Theoretical foundations
Theory of Planned Behaviour and awareness as a cognitive driver
The TPB posits that behavioural intentions (and thus behaviours) are shaped by attitudes towards the behaviour, subjective norms and perceived behavioural control (Ajzen 1991). In organisational adoption contexts, TPB is often operationalised through managerial perceptions and beliefs. Environmental-social awareness captures a firm’s recognition that green logistics can reduce pollution, improve reputation and signal corporate social responsibility. Such awareness is conceptually aligned with an attitude component in TPB and may also reflect perceived normative desirability, particularly when sustainability is becoming an expected standard in many supply chains. In practice, managers who believe that green logistics deliver environmental and social benefits are more likely to support investments, allocate attention and overcome implementation inertia. Awareness can also shape how managers interpret signals from regulators and customers, making them more willing to translate external expectations into concrete operational changes.

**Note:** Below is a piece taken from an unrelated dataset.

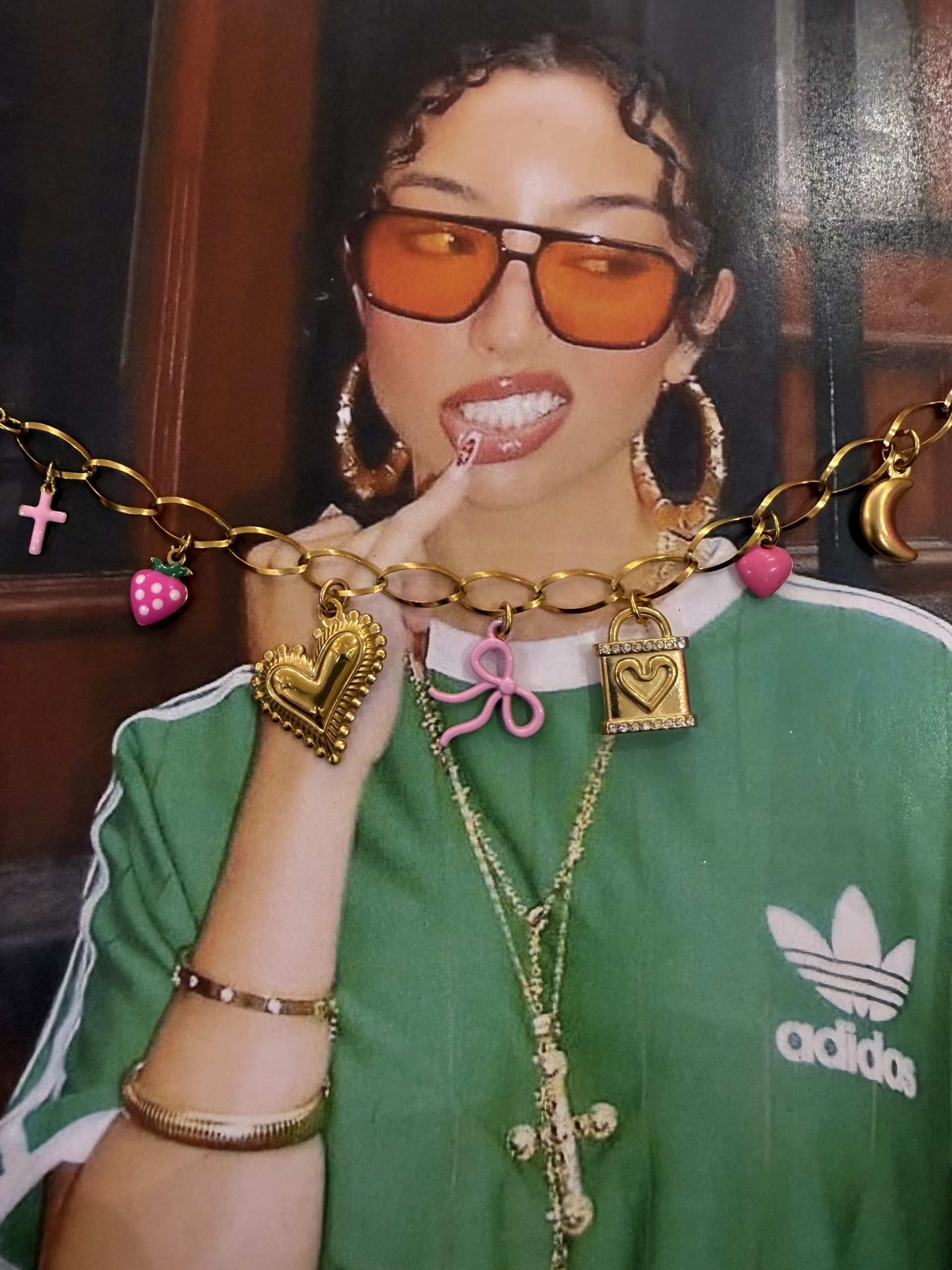 Κομψό βραχιόλι από ανοξείδωτο ατσάλι σε χρυσή απόχρωση, διακοσμημένο σε όλο του το μήκος με charms. Ένα ρομαντικό και ταυτόχρονα μοντέρνο κόσμημα . Ιδανικό για να φορεθεί μόνο του ή σε layering με άλλα βραχιόλια, προσθέτοντας μια ξεχωριστή πινελιά σε κάθε look.

Technology–Organisation–Environment framework and contextual readiness
The TOE framework explains innovation adoption through three contexts: technological, organisational and environmental (Tornatzky et al. 1990). In the case of green logistics, the technological context includes the availability of logistics-related technologies and infrastructure (e.g. tracking, optimisation tools, digital platforms and transport infrastructure) that enable greener operations. The organisational context includes INT, resources and managerial systems that support implementation. The environmental context includes EXTs from regulation, customers and competitors that can motivate adoption, particularly when firms operate in markets where sustainability is becoming a baseline requirement. Because GLP involves both motivation (why adopt) and capability (how to adopt), combining TPB (cognitive motivation and perceived value) with TOE (contextual readiness and pressure) provides a stronger foundation for explaining adoption behaviour than either framework alone.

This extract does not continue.